● **Task to carry out**
Your task is to transcribe the entries below exactly, from their first line down to the line containing "Belamcanda chinensis IRIDACEAE", and to stop there.

● **Stored data entries**
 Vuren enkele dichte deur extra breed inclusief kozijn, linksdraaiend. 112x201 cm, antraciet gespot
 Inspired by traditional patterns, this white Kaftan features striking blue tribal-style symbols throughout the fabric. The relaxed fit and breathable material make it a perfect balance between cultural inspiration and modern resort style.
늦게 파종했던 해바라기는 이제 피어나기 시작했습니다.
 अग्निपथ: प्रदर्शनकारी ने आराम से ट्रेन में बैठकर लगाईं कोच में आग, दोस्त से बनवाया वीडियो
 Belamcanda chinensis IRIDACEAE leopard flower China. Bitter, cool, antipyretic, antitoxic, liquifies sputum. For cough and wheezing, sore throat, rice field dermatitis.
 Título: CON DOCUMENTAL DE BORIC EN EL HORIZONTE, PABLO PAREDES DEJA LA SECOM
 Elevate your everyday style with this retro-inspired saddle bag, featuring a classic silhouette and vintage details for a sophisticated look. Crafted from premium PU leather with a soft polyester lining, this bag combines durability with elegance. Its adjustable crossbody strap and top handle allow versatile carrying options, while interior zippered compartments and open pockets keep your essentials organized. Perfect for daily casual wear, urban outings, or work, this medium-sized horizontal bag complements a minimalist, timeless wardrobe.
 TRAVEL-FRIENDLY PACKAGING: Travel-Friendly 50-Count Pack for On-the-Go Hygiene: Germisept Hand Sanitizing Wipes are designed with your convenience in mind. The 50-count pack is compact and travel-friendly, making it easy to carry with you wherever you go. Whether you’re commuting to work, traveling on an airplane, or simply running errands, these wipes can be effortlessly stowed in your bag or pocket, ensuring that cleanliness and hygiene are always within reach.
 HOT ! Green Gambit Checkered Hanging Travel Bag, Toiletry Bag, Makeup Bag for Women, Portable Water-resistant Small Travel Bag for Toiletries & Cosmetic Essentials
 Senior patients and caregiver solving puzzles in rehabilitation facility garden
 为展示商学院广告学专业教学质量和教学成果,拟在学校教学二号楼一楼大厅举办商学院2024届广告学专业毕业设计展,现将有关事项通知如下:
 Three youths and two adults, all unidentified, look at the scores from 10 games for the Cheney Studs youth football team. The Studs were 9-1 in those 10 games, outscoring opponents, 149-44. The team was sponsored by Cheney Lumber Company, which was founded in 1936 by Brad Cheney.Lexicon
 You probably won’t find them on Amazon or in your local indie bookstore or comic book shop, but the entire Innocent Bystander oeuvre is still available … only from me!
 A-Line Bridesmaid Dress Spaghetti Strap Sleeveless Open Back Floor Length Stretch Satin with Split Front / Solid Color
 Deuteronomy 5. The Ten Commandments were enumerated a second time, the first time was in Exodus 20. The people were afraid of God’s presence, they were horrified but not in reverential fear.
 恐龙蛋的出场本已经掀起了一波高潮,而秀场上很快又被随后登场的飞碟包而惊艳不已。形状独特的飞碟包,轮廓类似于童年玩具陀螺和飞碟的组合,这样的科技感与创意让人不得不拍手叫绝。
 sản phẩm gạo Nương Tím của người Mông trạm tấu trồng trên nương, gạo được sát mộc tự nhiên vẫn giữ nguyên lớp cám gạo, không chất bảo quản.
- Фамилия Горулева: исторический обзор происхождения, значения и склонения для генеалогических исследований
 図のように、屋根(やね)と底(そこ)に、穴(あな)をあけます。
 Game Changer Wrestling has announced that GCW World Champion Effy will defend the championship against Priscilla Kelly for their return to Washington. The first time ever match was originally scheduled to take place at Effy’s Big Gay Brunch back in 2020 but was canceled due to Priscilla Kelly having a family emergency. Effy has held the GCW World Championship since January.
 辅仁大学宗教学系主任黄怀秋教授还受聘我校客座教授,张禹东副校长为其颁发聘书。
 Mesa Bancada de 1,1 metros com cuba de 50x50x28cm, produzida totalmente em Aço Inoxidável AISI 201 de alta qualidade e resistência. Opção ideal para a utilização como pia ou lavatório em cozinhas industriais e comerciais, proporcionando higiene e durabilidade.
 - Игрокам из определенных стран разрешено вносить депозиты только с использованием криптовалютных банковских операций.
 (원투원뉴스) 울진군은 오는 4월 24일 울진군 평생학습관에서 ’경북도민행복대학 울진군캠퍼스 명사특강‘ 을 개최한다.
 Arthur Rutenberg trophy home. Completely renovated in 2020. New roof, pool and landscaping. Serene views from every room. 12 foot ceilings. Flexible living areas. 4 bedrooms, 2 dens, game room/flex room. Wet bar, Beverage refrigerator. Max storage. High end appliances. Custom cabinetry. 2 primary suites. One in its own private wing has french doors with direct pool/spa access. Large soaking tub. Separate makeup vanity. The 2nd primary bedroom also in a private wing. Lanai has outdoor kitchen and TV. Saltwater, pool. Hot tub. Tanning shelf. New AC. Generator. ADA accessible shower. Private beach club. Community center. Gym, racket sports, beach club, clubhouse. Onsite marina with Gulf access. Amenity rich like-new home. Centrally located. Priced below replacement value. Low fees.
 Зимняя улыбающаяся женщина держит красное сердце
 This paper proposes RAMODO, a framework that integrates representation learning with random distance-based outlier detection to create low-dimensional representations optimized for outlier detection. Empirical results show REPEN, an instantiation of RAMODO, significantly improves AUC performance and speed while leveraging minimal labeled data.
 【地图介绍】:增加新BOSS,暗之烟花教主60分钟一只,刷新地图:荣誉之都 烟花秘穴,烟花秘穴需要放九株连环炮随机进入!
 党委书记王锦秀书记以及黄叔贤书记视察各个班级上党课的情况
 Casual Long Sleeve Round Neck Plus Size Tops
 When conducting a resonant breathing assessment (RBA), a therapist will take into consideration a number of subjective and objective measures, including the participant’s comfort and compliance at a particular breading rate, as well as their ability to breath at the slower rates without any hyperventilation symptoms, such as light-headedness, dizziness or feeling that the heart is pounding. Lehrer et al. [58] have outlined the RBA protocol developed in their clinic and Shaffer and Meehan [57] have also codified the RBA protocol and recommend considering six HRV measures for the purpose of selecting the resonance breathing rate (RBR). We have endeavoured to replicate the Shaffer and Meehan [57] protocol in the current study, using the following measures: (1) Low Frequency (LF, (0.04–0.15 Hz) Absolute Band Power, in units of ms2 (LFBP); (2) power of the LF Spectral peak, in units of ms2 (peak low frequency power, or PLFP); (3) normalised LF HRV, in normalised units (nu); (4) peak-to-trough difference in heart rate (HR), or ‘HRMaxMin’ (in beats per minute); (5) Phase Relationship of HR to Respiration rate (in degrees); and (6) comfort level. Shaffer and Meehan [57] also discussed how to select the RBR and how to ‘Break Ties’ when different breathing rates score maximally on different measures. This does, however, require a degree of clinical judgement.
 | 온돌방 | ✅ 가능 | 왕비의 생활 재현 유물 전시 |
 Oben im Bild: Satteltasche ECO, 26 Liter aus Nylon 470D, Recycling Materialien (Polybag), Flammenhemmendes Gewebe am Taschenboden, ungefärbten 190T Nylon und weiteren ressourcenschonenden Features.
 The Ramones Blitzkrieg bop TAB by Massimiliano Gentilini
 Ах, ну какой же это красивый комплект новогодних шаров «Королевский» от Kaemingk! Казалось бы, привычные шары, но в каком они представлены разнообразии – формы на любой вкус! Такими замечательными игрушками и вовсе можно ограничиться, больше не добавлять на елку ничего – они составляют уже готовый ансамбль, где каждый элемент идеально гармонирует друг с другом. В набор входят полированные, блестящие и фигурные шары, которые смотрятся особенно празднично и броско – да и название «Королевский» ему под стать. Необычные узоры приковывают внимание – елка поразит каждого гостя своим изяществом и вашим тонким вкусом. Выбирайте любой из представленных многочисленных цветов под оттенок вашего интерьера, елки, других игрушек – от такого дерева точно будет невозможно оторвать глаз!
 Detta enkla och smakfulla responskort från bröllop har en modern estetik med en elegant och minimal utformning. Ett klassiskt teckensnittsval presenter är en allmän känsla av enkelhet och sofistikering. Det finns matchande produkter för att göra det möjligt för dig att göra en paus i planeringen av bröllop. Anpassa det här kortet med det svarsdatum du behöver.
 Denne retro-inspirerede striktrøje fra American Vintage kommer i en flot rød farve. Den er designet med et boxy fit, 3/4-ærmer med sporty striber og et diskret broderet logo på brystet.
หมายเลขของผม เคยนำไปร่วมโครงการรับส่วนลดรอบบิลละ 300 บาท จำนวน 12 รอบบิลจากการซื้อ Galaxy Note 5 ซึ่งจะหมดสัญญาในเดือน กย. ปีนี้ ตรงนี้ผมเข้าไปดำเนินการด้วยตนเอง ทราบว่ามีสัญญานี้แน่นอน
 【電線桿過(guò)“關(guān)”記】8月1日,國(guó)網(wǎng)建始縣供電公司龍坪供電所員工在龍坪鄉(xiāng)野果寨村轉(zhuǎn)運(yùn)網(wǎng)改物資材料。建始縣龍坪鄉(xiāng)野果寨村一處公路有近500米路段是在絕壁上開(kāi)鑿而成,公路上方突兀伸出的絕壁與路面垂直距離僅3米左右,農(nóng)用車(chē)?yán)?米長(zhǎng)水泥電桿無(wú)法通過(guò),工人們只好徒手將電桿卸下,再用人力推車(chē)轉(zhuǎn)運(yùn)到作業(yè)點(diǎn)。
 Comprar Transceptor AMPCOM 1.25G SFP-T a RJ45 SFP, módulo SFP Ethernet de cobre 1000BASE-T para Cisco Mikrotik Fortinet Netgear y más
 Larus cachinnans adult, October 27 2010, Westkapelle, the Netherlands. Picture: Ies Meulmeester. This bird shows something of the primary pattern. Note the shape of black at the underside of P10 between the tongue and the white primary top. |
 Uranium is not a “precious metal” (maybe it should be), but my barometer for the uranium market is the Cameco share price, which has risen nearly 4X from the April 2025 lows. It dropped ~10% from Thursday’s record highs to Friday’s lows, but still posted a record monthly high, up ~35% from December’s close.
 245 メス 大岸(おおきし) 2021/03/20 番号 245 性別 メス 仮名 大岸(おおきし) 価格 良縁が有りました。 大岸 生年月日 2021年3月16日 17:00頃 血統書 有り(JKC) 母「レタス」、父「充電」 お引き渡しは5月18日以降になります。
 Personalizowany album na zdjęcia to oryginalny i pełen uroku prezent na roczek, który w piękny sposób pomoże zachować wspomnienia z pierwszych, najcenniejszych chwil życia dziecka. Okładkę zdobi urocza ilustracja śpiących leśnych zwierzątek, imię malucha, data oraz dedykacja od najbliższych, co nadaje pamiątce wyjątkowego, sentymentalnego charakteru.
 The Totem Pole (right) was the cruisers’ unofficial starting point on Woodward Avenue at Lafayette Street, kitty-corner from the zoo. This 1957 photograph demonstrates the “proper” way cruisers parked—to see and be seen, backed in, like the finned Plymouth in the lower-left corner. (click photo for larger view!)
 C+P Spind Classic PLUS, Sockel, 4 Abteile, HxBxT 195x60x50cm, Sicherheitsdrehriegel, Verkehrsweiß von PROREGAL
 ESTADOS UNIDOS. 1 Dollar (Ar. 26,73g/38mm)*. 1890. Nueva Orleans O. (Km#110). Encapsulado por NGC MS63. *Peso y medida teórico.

● **Written answer**
 Vuren enkele dichte deur extra breed inclusief kozijn, linksdraaiend. 112x201 cm, antraciet gespot
 Inspired by traditional patterns, this white Kaftan features striking blue tribal-style symbols throughout the fabric. The relaxed fit and breathable material make it a perfect balance between cultural inspiration and modern resort style.
늦게 파종했던 해바라기는 이제 피어나기 시작했습니다.
 अग्निपथ: प्रदर्शनकारी ने आराम से ट्रेन में बैठकर लगाईं कोच में आग, दोस्त से बनवाया वीडियो
 Belamcanda chinensis IRIDACEAE leopard flower China. Bitter, cool, antipyretic, antitoxic, liquifies sputum. For cough and wheezing, sore throat, rice field dermatitis.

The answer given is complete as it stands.